*SOURCE DATA*.
=-=-=-=-=
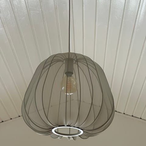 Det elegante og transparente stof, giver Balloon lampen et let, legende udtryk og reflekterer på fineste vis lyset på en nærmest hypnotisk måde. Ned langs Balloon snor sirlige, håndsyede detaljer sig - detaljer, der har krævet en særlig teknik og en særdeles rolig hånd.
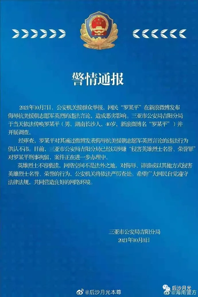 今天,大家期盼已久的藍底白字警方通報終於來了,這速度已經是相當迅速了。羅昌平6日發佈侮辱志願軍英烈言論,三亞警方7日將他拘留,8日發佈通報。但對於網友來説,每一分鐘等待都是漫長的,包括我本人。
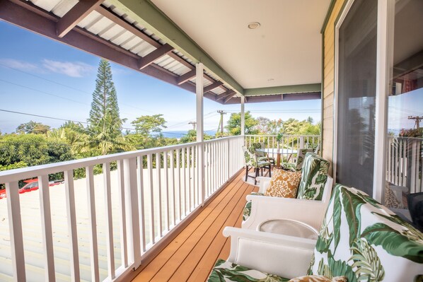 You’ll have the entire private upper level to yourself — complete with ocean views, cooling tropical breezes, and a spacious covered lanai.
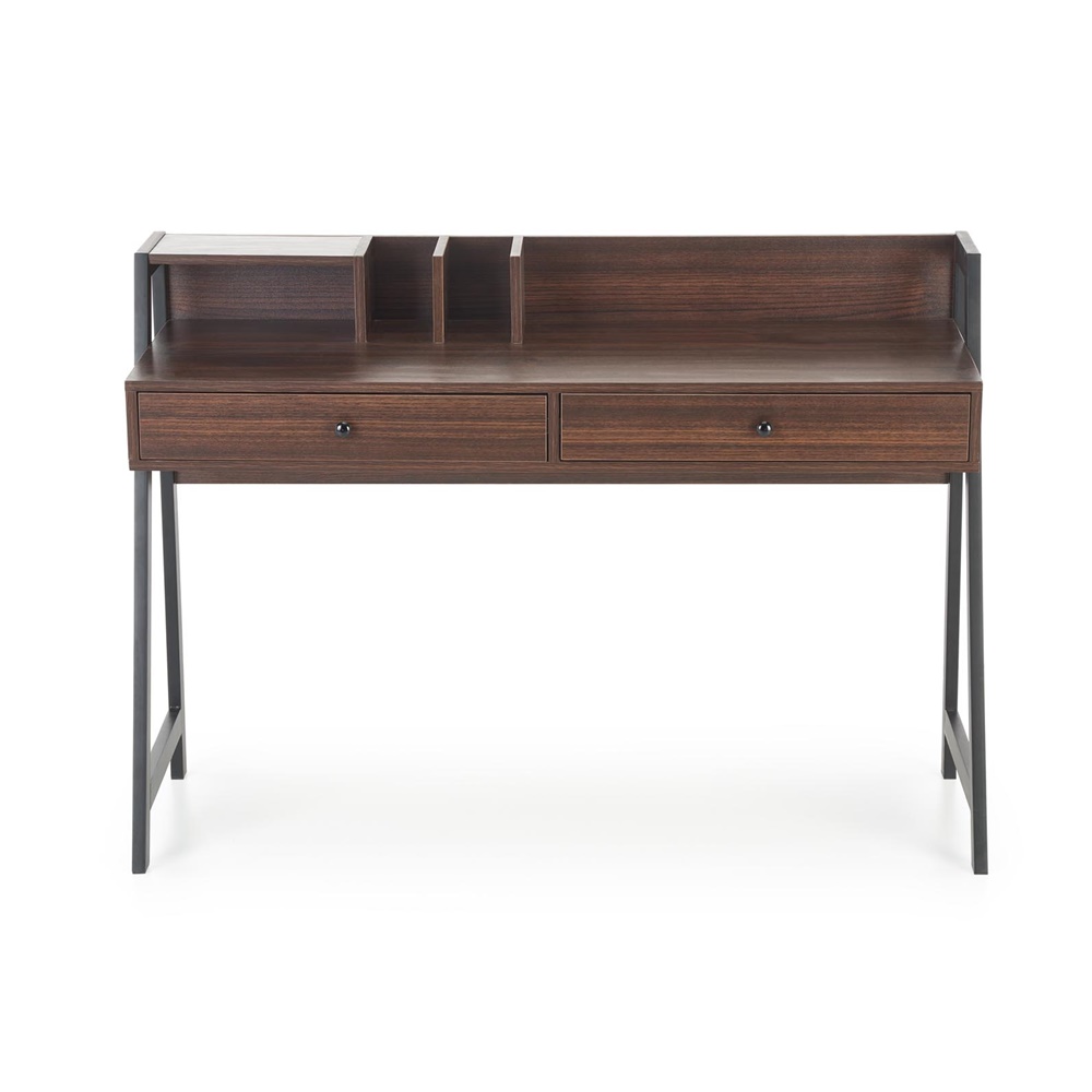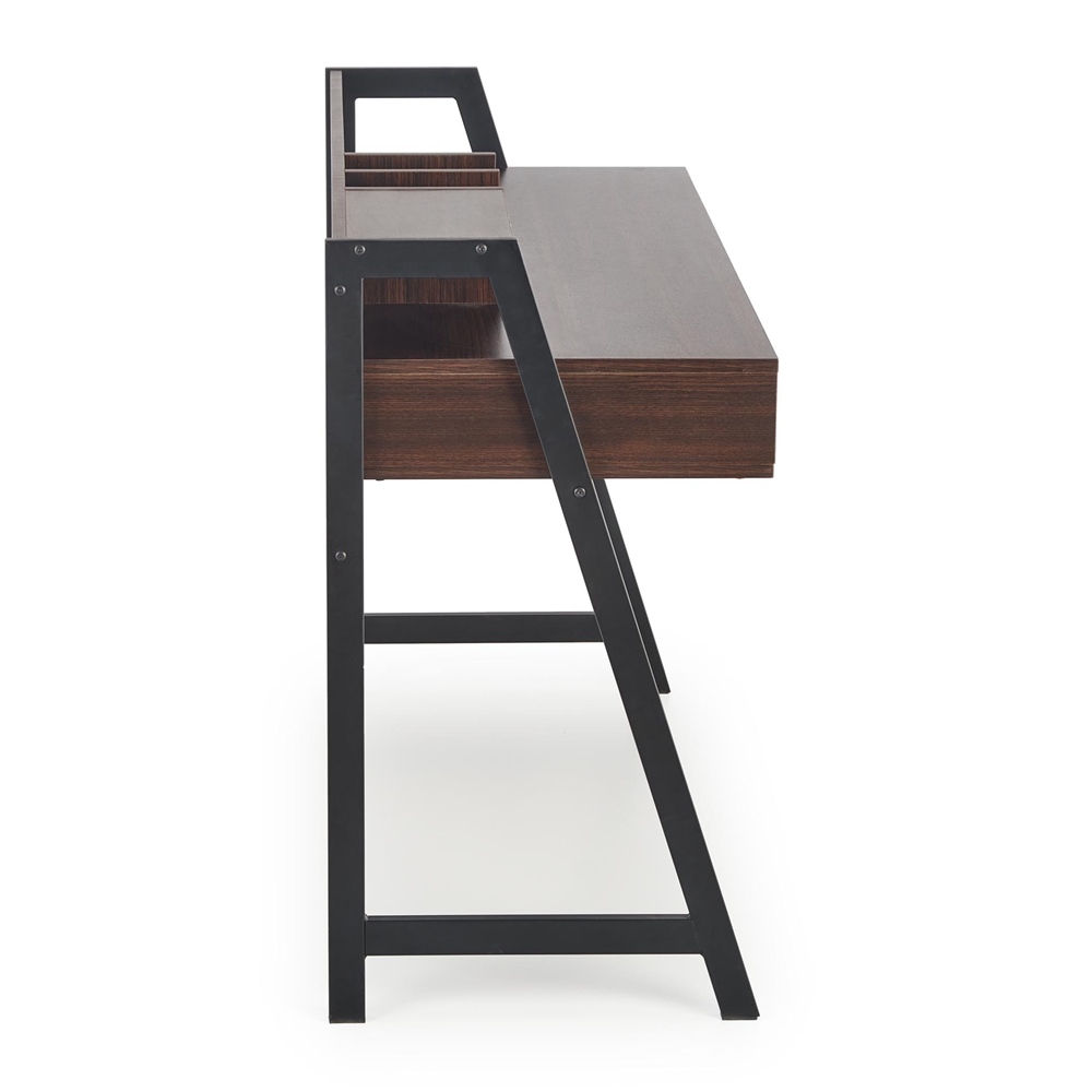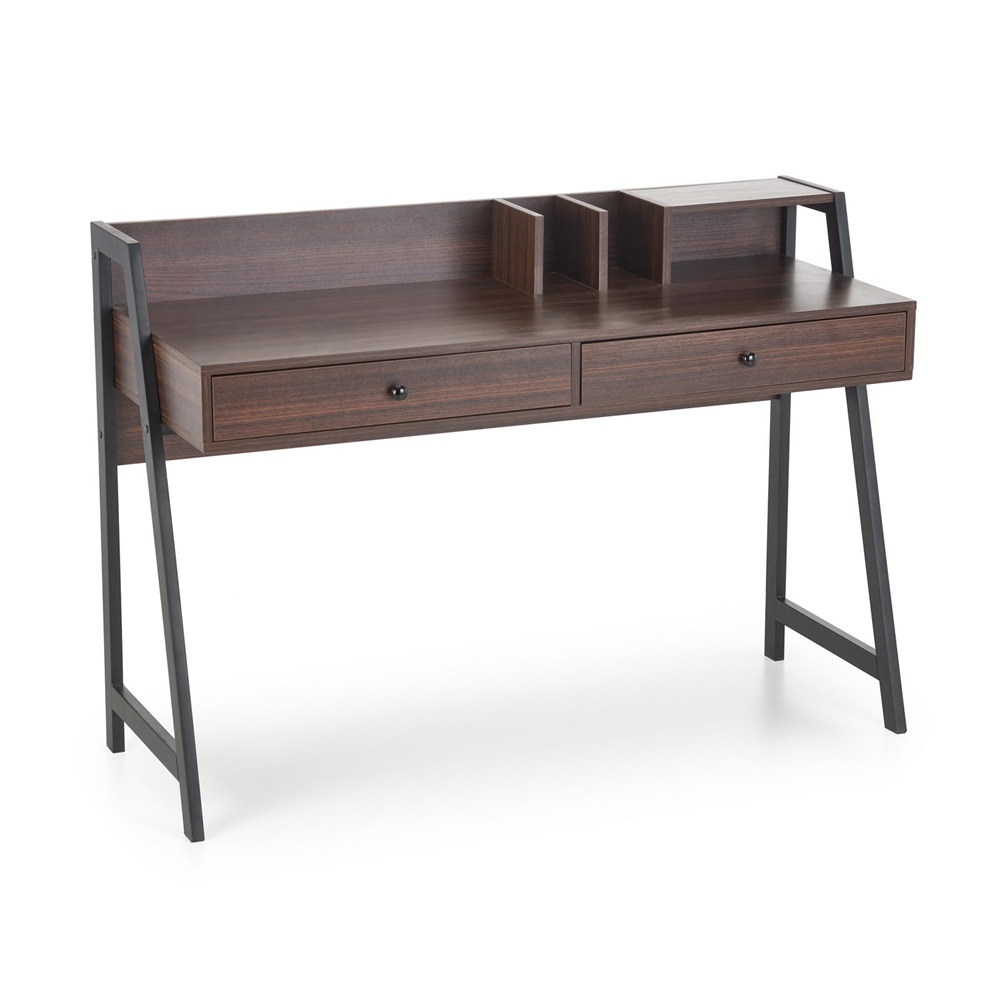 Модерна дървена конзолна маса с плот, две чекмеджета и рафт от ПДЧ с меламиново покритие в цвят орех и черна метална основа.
=-=-=-=-=
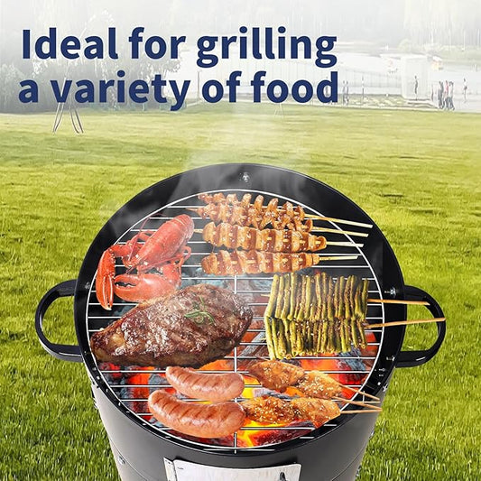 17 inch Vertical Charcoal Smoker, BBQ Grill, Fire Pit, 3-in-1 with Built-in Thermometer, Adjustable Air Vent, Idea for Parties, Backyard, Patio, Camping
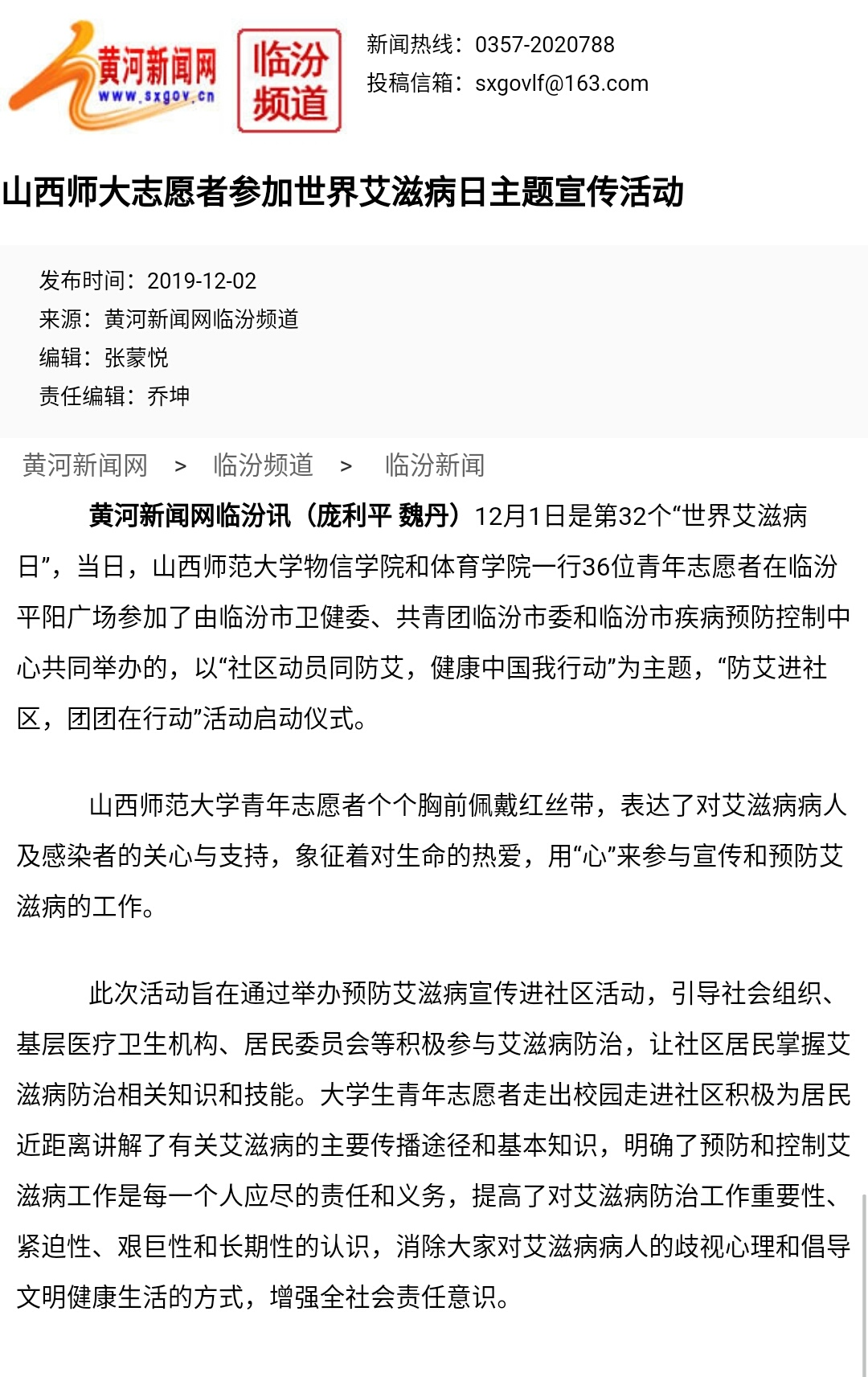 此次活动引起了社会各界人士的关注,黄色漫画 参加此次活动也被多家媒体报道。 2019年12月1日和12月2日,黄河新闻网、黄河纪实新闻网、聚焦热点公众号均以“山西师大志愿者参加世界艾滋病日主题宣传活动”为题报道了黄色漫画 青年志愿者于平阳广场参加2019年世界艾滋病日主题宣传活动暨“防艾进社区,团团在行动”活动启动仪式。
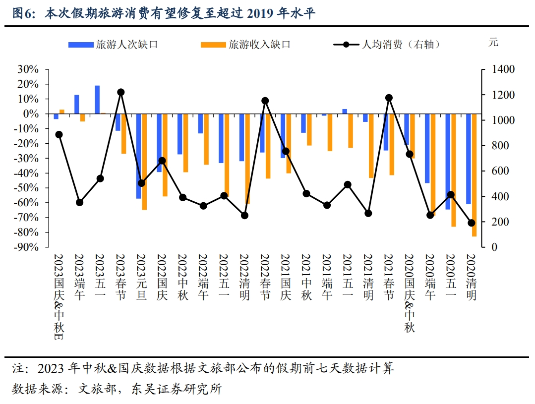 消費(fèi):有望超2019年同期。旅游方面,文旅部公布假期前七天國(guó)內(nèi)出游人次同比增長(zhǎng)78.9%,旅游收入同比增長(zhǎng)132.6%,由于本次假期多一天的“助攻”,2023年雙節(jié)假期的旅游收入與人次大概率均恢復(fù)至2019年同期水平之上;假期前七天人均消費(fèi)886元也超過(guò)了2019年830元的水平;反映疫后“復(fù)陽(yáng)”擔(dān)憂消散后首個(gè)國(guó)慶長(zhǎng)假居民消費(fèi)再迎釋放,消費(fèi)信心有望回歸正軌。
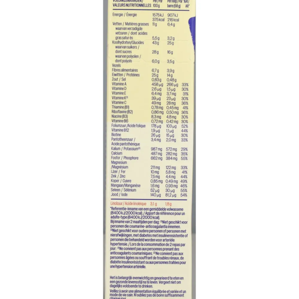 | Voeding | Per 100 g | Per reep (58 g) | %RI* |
=-=-=-=-=
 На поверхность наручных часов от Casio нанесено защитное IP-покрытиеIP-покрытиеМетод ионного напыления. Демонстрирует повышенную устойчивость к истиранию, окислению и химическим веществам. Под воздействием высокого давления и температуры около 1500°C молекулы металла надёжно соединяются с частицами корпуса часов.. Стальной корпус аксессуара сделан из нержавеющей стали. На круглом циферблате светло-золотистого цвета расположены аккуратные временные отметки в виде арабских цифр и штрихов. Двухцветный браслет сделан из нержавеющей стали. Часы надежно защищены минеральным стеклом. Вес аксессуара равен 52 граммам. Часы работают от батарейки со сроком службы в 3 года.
=-=-=-=-=
*ABOUT THIS EXERCISE*. Excerpt from the records above: set down only the lines from the one that contains "消費(fèi):有望超201" through the one that contains "(58 g) | %RI* |", inclusive, word for word. Pictures stay out.

*ANSWER TO THIS PROBLEM*.
 消費(fèi):有望超2019年同期。旅游方面,文旅部公布假期前七天國(guó)內(nèi)出游人次同比增長(zhǎng)78.9%,旅游收入同比增長(zhǎng)132.6%,由于本次假期多一天的“助攻”,2023年雙節(jié)假期的旅游收入與人次大概率均恢復(fù)至2019年同期水平之上;假期前七天人均消費(fèi)886元也超過(guò)了2019年830元的水平;反映疫后“復(fù)陽(yáng)”擔(dān)憂消散后首個(gè)國(guó)慶長(zhǎng)假居民消費(fèi)再迎釋放,消費(fèi)信心有望回歸正軌。
 | Voeding | Per 100 g | Per reep (58 g) | %RI* |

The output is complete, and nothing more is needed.